30. Q. Where an employer's health insurance plan currently requires total disability as a prerequisite for payment of extended benefits for other medical conditions but not for pregnancy-related costs, may the employer now require total disability for payment of benefits for pregnancy-related medical conditions as well?
A. Since extended benefits cannot be reduced in order to come into compliance with the Act, a more stringent prerequisite for payment of extended benefits for pregnancy-related medical conditions, such as a requirement for total disability, cannot be imposed. Thus, in this instance, in order to comply with the Act, the employer must treat other medical conditions as pregnancy-related conditions are treated.
31. Q. Can the added cost of bringing benefit plans into compliance with the Act be apportioned between the employer and employee?
A. The added cost, if any, can be apportioned between the employer and employee in the same proportion that the cost of the fringe benefit plan was apportioned on October 31, 1978, if that apportionment was nondiscriminatory. If the costs were not apportioned on October 31, 1978, they may not be apportioned in order to come into compliance with the Act. However, in no circumstance may male or female employees be required to pay unequal apportionments on the basis of sex or pregnancy.
32. Q. In order to come into compliance with the Act, may an employer reduce benefits or compensation?
A. In order to come into compliance with the Act, benefits or compensation which an employer was paying on October 31, 1978 cannot be reduced before October 31, 1979 or before the expiration of a collective bargaining agreement in effect on October 31, 1978, whichever is later.
Where an employer has not been in compliance with the Act by the times specified in the Act, and attempts to reduce benefits, or compensation, the employer may be required to remedy its practices in accord with ordinary title VII remedial principles.

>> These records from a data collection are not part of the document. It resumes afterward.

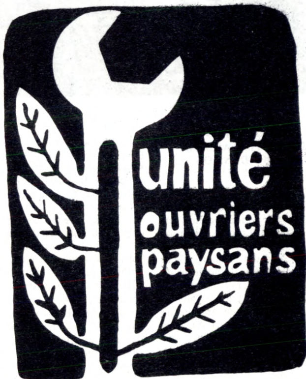
Frankrike 1968 »Enhet arbeidere/bønder!«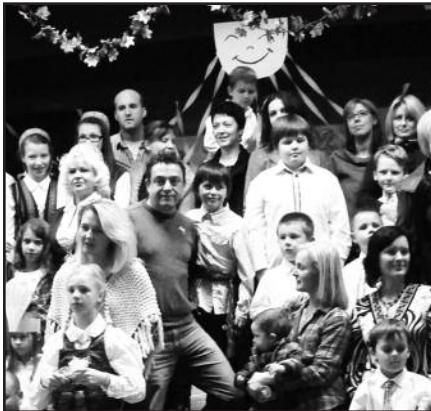
New Jersey lituanistinė mokykla „Lietuvėlė“ pasipuošė rudenėlio šventei – 5 psl.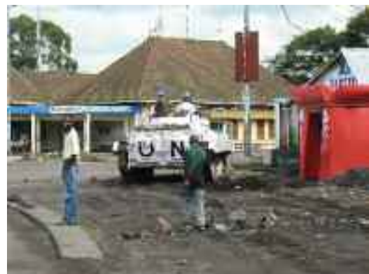
Pantserinfanterievoertuig van de VN-MONUC-missie in een straat in Goma, Democratische Republiek Congo.

In Burundi kregen oppositiepartijen het verbod om verkiezingsbijeenkomsten te houden. Er zijn meldingen van incidenten van pre-verkiezingsgeweld tussen leden van de regerende partij en de oppositiepartijen. In Rwanda hebben de autoriteiten de zeer ruim gedefinieerde wetgeving over genocidair ideologie gebruikt om mensen met afwijkende meningen het zwijgen op te leggen, onder meer bij critici van de regerende partij en bij diegenen die gerechtigheid eisen voor oorlogsmisdaden. Zoals in het verleden vreest Amnesty International voor vergelijkbare mensenrechtenschendingen ten aanzien van politieke tegenstanders in Oeganda. De ordehandhavers maken immers nu al gebruik van willekeurige arrestaties, onwettige detentie, foltering en andere mishandeling om verkiezingsbijeenkomsten en –campagnes te verhinderen. In Oeganda ligt ook een wetsontwerp voor om de regering uitgebreide macht te geven bij bewakingstaken.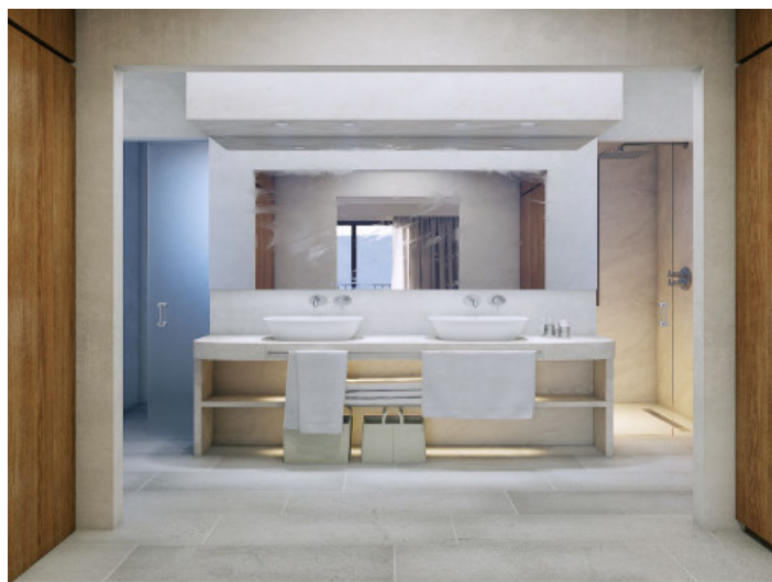
Uno de 4 baños

Toda la información como mejor se puede saber, salvo por error durante el periodo de venta. Sirva este documento como un informe previo, las bases legales solo serán válidas a través de un contrato de compra acordado ante Notario.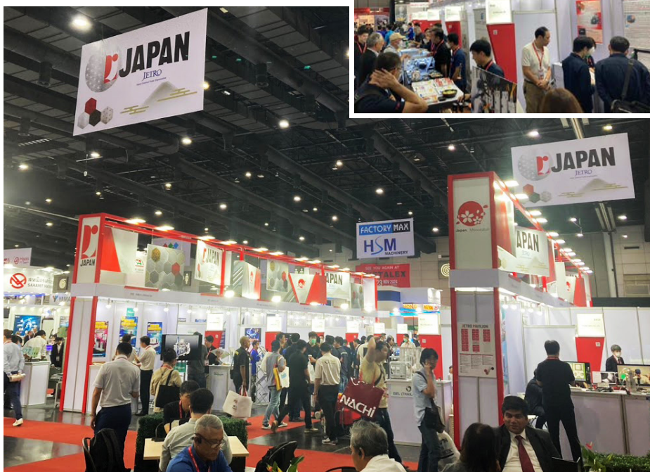
昨年度のジェトロ・パビリオンの様子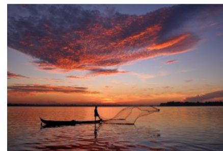
"Hajdete za mnom, učinit ću vas ribarima..."

33. Q. Can an employer self-insure benefits for pregnancy-related conditions if it does not self-insure benefits for other medical conditions?
A. Yes, so long as the benefits are the same. In measuring whether benefits are the same, factors other than the dollar coverage paid should be considered. Such factors include the range of choice of physicians and hospitals, and the processing and promptness of payment of claims.
34. Q. Can an employer discharge, refuse to hire or otherwise discriminate against a woman because she has had an abortion?
A. No. An employer cannot discriminate in its employment practices against a woman who has had an abortion.
35. Q. Is an employer required to provide fringe benefits for abortions if fringe benefits are provided for other medical conditions?
A. All fringe benefits other than health insurance, such as sick leave, which are provided for other medical conditions, must be provided for abortions. Health insurance, however, need be provided for abortions only where the life of the woman would be endangered if the fetus were carried to term or where medical complications arise from an abortion.
36. Q. If complications arise during the course of an abortion, as for instance excessive hemorrhaging, must an employer's health insurance plan cover the additional cost due to the complications of the abortion?
A. Yes. The plan is required to pay those additional costs attributable to the complications of the abortion. However, the employer is not required to pay for the abortion itself, except where the life of the mother would be endangered if the fetus were carried to term.
37. Q. May an employer elect to provide insurance coverage for abortions?
A. Yes. The Act specifically provides that an employer is not precluded from providing benefits for abortions whether directly or through a collective bargaining agreement, but if an employer decides to cover the costs of abortion, the employer must do so in the same manner and to the same degree as it covers other medical conditions.